Screenshot from 2024-02-27 22-39-51

unfedorg commented 2 months ago

I have 754 epub files under Jellyfin management and only 5 of them have cover image correctly extracted, so I have had a look on this issue and figured that there are 3 things to be improved.

  1. Treat calibre:series_index as Double 1st thing I notice was that there are below error messages in the jellyfin server log on every metadata refresh attempt.

    [2024-04-14 11:01:41.673 +08:00] [ERR] Error converting to int32
    System.FormatException: Input string was not in a correct format.
    at System.Number.ThrowOverflowOrFormatException(ParsingStatus status, TypeCode type)
    at Jellyfin.Plugin.Bookshelf.Providers.OpfReader`1.ReadInt32AttributeInto(String xPath, Action`1 commitResult)

    There is a place where the plugin takes calibre:series_index and convert it to Int32 but it's failing because calibre:series_index often has decimal. (e.g. "1.0") Taking it as Double before convert to Int32 should solve for most cases. https://github.com/jellyfin/jellyfin-plugin-bookshelf/blob/5baaa87b6e7c5176be5cffb61d748e081b832f15/Jellyfin.Plugin.Bookshelf/Providers/OpfReader.cs#L149

  2. Accept empty opfRootDirectory

There is a code to check opfRootDirectory and if it's empty or null, it gives up to extract image. However it's common that image file is placed at the root. Just accept empty string would solve this issue. This actually solved on 93% of my epub files.

https://github.com/jellyfin/jellyfin-plugin-bookshelf/blob/5baaa87b6e7c5176be5cffb61d748e081b832f15/Jellyfin.Plugin.Bookshelf/Providers/Epub/EpubMetadataImageProvider.cs#L104-L108

  1. Improve xPath

Image extraction will fail to find a cover image if the epub file has an another object with "cover" id. This can be improved by limiting only to the object with "image/" media-type.
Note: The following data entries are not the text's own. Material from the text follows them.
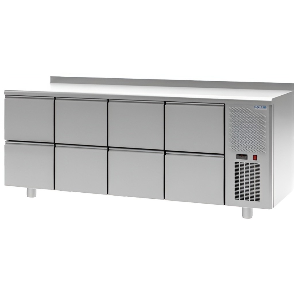 Каталог оборудования Холодильное оборудованиеСтолы охлаждаемыеСтолы морозильные низкотемпературныеСтол морозильный низкотемпературный Polair TB4GN-2222-G Стол морозильный низкотемпературный Polair TB4GN-2222-G Код товара: 062-495 Поделиться: WhatsAppTelegram СравнитьДобавить в КПВ избранное 0 301 395 ₽ В корзину 0 шт Под заказСамовывоз сегодня бесплатно Взять в кредит Купить в лизинг Получить консультацию в WhatsApp Описание Характеристики Отзывы 0 Стол морозильный низкотемпературный Polair TB4GN-2222-G предназначен для хранения продуктов и обработки ингредиентов на рабочей поверхности на предприятиях общественного питания и торговли. Цельнозаливные корпус и двери выполнены из стали, что обеспечивает высокую механическую прочность, надежную термоизоляцию, герметичность и долговечность конструкции. Оборудование рассчитано на работу при температуре окружающей среды до 32 °С и относительной влажности воздуха до 60%. Особенности: Автоматическая оттайка испарителя с помощью ТЭНов и система испарения конденсата. Динамическое охлаждение обеспечивает равномерное распределение температуры. Электронный терморегулятор для точного поддержания температурного режима. Двухъярусный агрегат, полностью выдвигаемый для удобного обслуживания. Все элементы холодильной системы вынесены за пределы охлаждаемого пространства, что увеличивает полезный объем. Экологичный хладагент R290. ПЭН обогрева дверного проема предотвращает образование наледи. ТЭН поддона воздухоохладителя защищает от замерзания конденсата. Класс защиты IP24, защита от попадания влаги. Регулируемые по высоте ножки для устойчивой установки на неровных поверхностях. Толщина столешницы — 40 мм, стенок корпуса — 43 мм. Высота борта — 60 мм предотвращает стекание жидкости. Тип полок: Gastronorm GN 1/1, стандарт для профессиональных кухонь. Polair TB4GN-2222-G — надежный и удобный морозильный стол для профессиональных кухонь, который обеспечивает удобную обработку ингредиентов и надежное хранение замороженных продуктов при стабильной температуре.Изображение товара, представленного на фото, может отличаться от его фактического вида. Показать все Габаритные размеры2060×705×910 ммДиапазон рабочей температурыдо -18 °CРасположение агрегатаБоковое Материал столешницыНержавеющая Тип столаС ящиками Объём600 лТип гастроемкостейGN 1/1 Количество ящиков8 штНапряжение220 ВМощность0,6 кВтТип охлажденияДинамическое Тип оттайкиАвтоматическая ХладагентR290 СтолешницаС бортом Вес нетто165 кгВес брутто195 кгБрендPolairВсе морозильные столы PolairВсе морозильные столы с бортом Оставить отзыв Еще никто не оставил отзыв на этот товар Ранее просмотрено Под заказ 600 737 ₽ Сплит-система холодильная низкотемпературная Belluna Frost P314 (R410a) Под заказ 220 500 ₽ Промо витрина Carboma PF11-12 VM 1,25-2
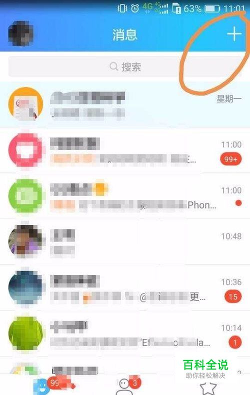 第一步:打开手机QQ,登录账号;在首页找到右上角的加号,点击。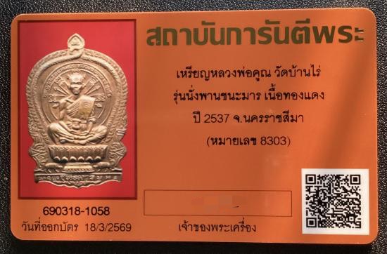 เหรียญ นั่งพานชนะมาร เนื้อทองแดง ปี 2537

Also I have some epub files that id for the cover image is "my-cover-image" instead of just a "cover-image". I'm not sure if this is a common case but adding some wildcard may improve the chance of extracting the cover image.

https://github.com/jellyfin/jellyfin-plugin-bookshelf/blob/5baaa87b6e7c5176be5cffb61d748e081b832f15/Jellyfin.Plugin.Bookshelf/Providers/OpfReader.cs#L57-L67

With above changes, I was able to extract 100% of my epub files. Also tested with the https://www.feedbooks.com/book/1421/the-adventures-of-sherlock-holmes epub file and it's working fine.

I will try to make a pull-request for these changes.

Thanks!